## ACTION ITEM
Within the records below, find the line with "一種常規(guī)生化處理后" and the line with "עט נובע יוקרתי", then reproduce exactly those two lines and all lines between them, without any picture.

## PROVIDED INFORMATION
..............................
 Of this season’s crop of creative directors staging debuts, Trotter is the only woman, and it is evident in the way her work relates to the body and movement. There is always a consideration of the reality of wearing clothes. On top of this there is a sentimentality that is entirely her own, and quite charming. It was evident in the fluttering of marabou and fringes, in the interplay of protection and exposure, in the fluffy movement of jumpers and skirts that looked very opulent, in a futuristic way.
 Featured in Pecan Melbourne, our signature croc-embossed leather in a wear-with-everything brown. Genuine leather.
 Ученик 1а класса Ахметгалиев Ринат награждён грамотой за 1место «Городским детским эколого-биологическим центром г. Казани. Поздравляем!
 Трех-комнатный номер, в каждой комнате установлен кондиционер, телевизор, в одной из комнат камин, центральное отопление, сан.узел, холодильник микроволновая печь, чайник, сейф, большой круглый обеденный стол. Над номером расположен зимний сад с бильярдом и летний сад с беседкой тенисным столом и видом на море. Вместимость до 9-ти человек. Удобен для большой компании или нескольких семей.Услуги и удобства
..............................
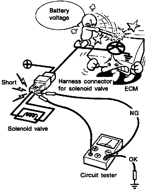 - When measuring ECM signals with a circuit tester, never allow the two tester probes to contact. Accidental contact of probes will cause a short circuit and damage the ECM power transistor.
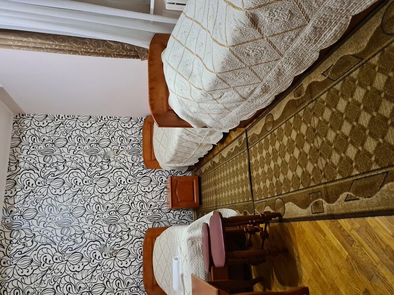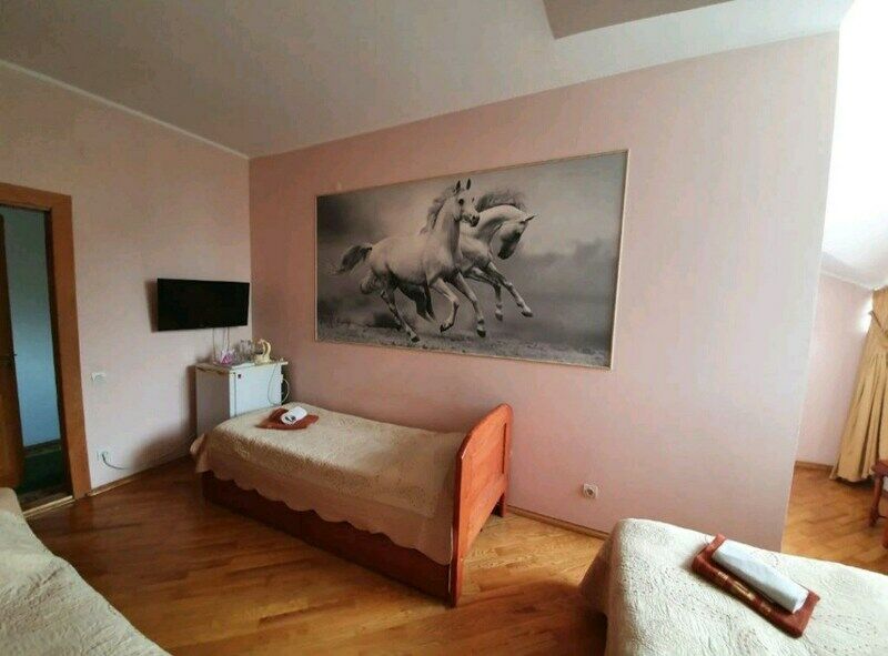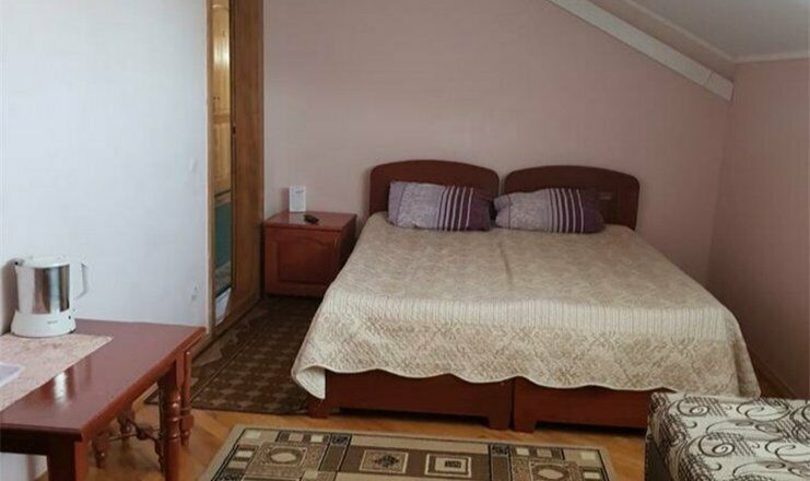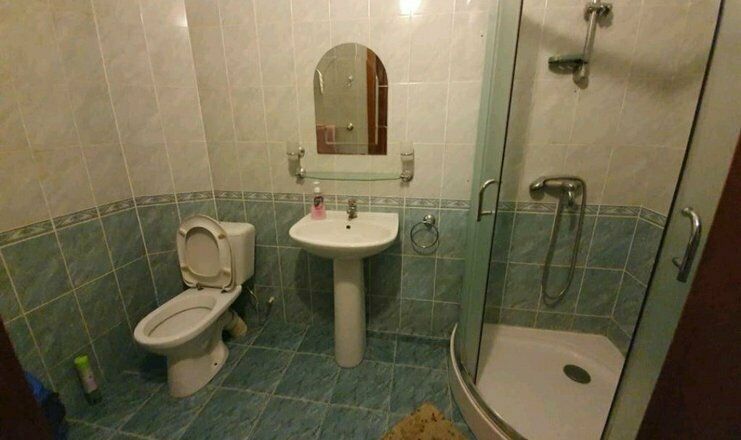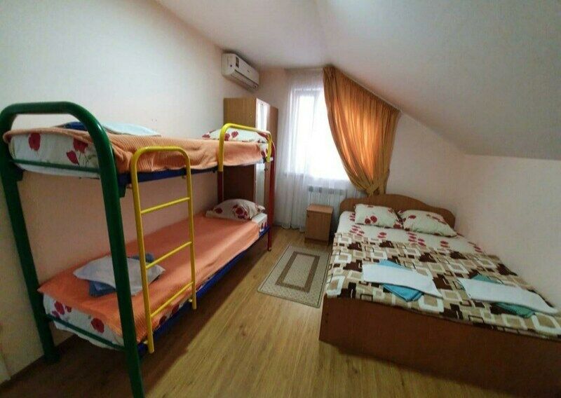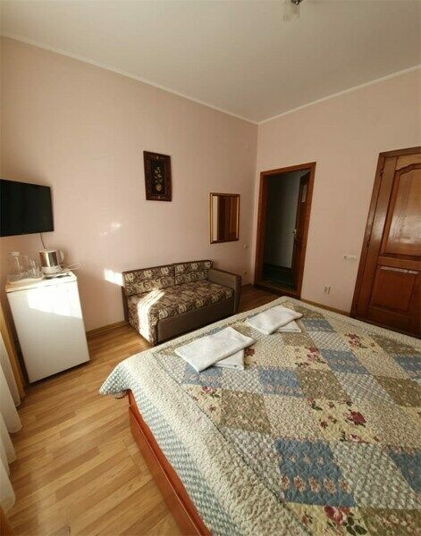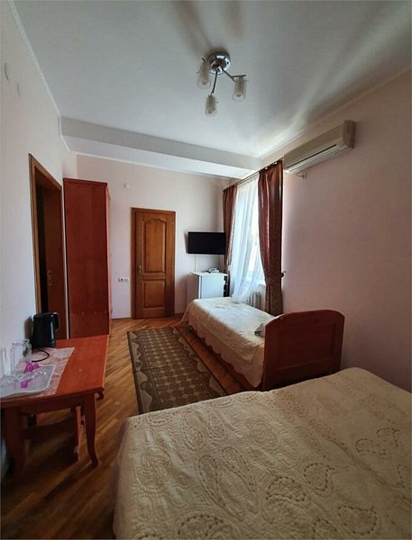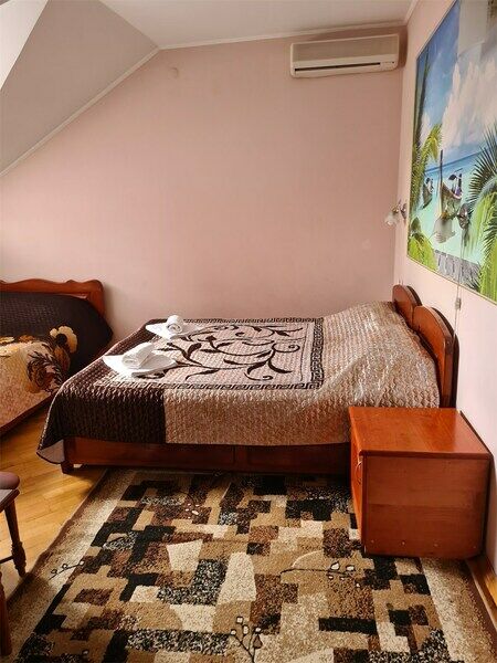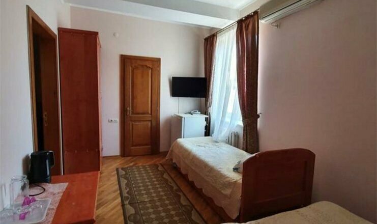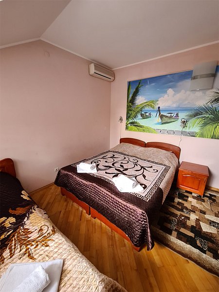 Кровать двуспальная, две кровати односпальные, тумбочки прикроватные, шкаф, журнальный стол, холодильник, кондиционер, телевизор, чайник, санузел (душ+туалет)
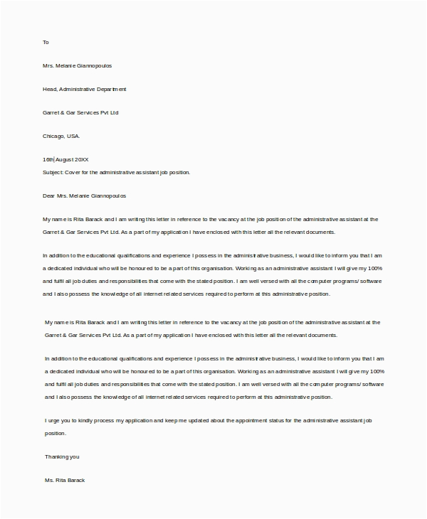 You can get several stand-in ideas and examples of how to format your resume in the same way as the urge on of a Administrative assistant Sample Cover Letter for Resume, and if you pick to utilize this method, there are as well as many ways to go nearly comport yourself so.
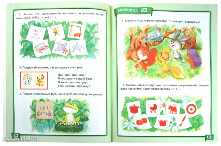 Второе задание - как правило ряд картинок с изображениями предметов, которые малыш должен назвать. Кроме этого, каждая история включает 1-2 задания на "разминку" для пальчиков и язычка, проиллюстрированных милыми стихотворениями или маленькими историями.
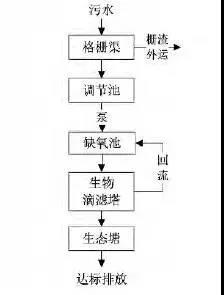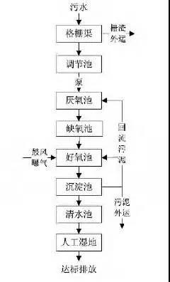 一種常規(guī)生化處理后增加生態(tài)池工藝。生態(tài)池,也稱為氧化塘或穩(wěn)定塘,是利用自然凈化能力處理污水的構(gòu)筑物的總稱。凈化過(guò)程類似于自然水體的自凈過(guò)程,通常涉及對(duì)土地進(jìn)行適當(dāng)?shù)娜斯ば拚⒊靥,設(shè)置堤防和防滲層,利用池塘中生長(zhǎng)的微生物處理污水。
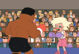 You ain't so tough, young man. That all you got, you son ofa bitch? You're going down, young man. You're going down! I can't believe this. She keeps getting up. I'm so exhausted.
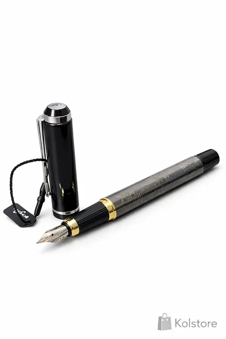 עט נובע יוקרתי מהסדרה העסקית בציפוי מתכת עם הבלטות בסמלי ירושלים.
..............................
## ANSWER FOR THIS EXERCISE
 一種常規(guī)生化處理后增加生態(tài)池工藝。生態(tài)池,也稱為氧化塘或穩(wěn)定塘,是利用自然凈化能力處理污水的構(gòu)筑物的總稱。凈化過(guò)程類似于自然水體的自凈過(guò)程,通常涉及對(duì)土地進(jìn)行適當(dāng)?shù)娜斯ば拚⒊靥,設(shè)置堤防和防滲層,利用池塘中生長(zhǎng)的微生物處理污水。
 You ain't so tough, young man. That all you got, you son ofa bitch? You're going down, young man. You're going down! I can't believe this. She keeps getting up. I'm so exhausted.
 עט נובע יוקרתי מהסדרה העסקית בציפוי מתכת עם הבלטות בסמלי ירושלים.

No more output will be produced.